● **Data segment**:

━━━━━━

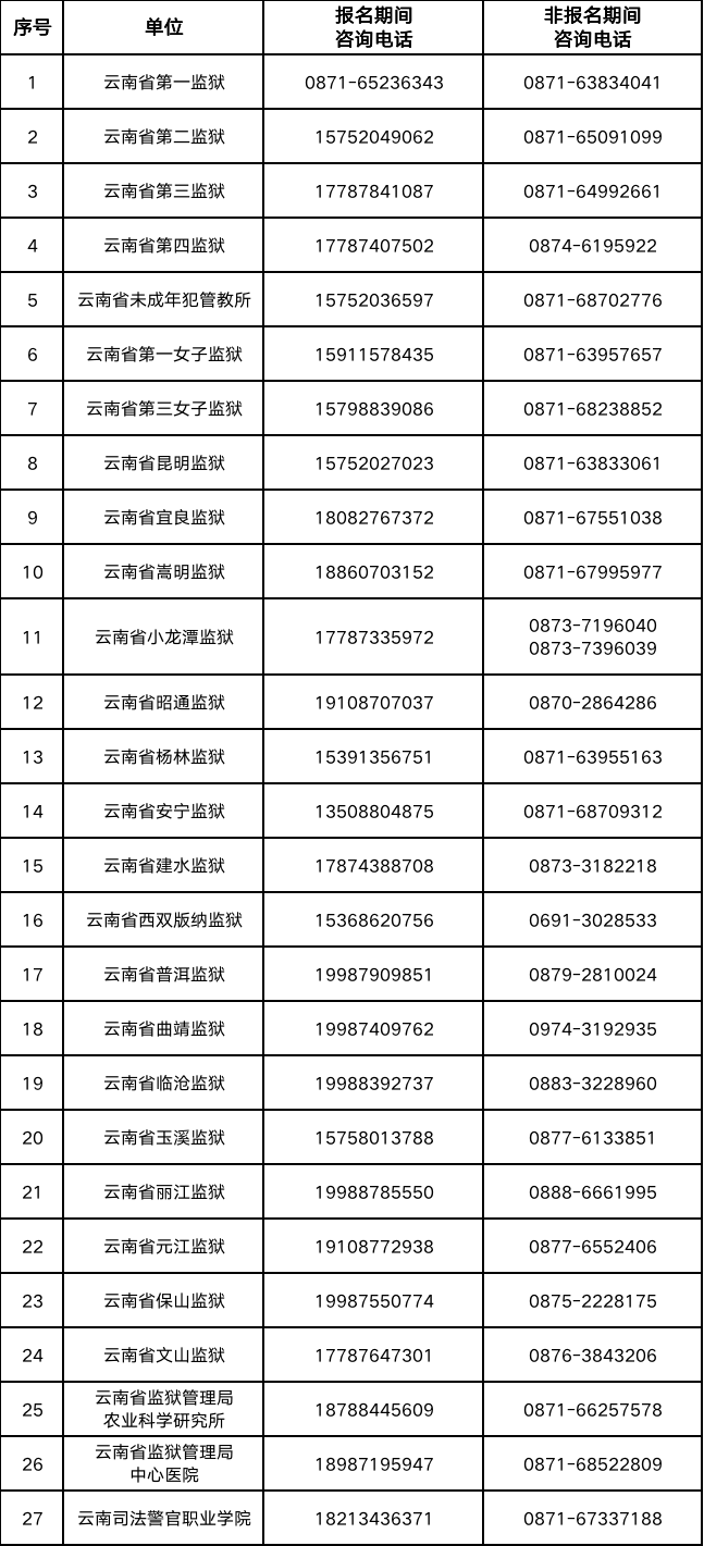 關(guān)于報(bào)考云南監(jiān)獄系統(tǒng)2021年公務(wù)員咨詢電話的通知
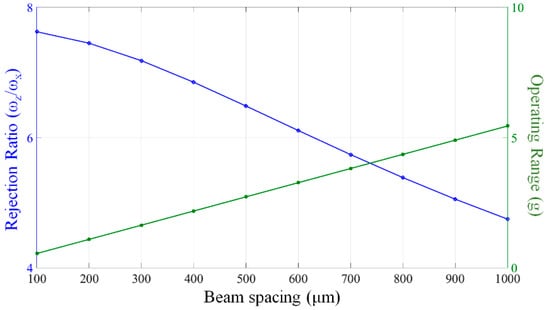 where ωz is the resonant frequency for the z-mode, E is the Young’s modulus of silicon, c is the elbow compliance factor (c = 1.2 in our design []), Ix is the area moment of inertia about the x-axis, G is the modulus of rigidity, J is the torsional constant for spring beam about the z-axis and Iz is the area moment of inertia about the z-axis. In order to minimize the mechanical noise and increase the operating range, we need to enlarge the beam spacing. However, it is apparent from (3) that the rejection ratio for the z-mode becomes worse while increasing the beam spacing. Figure 5 shows the rejection ratio of the z-mode to the fundamental mode and evolution of operating range as a function of beam spacing (using six folded springs for each side of the proof mass). It can be observed that the rejection ratio and the operating range need to be balanced during design. Finally, the beam spacing is chosen to be 480 μm, which could satisfy the requirements of rejection ratio and operating range in our design. The overall dimension of the suspended die is 44.5 mm × 32.2 mm.
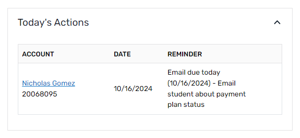 The Today's Actions box displays collector actions that are past due or scheduled to be done today. You can click a student's name to open their Payer Home dashboard. Collector actions are action events that are included in the Payer Timeline. When you add an Action, you must select a specific type of communication action that occurred or that you want to schedule. The Actions will displays with the schedule communications and events on the payer timeline. |

━━━━━━

Word for word, print the material above, but without its pictures.

● **The completed task**:
 關(guān)于報(bào)考云南監(jiān)獄系統(tǒng)2021年公務(wù)員咨詢電話的通知
 where ωz is the resonant frequency for the z-mode, E is the Young’s modulus of silicon, c is the elbow compliance factor (c = 1.2 in our design []), Ix is the area moment of inertia about the x-axis, G is the modulus of rigidity, J is the torsional constant for spring beam about the z-axis and Iz is the area moment of inertia about the z-axis. In order to minimize the mechanical noise and increase the operating range, we need to enlarge the beam spacing. However, it is apparent from (3) that the rejection ratio for the z-mode becomes worse while increasing the beam spacing. Figure 5 shows the rejection ratio of the z-mode to the fundamental mode and evolution of operating range as a function of beam spacing (using six folded springs for each side of the proof mass). It can be observed that the rejection ratio and the operating range need to be balanced during design. Finally, the beam spacing is chosen to be 480 μm, which could satisfy the requirements of rejection ratio and operating range in our design. The overall dimension of the suspended die is 44.5 mm × 32.2 mm.
 The Today's Actions box displays collector actions that are past due or scheduled to be done today. You can click a student's name to open their Payer Home dashboard. Collector actions are action events that are included in the Payer Timeline. When you add an Action, you must select a specific type of communication action that occurred or that you want to schedule. The Actions will displays with the schedule communications and events on the payer timeline. |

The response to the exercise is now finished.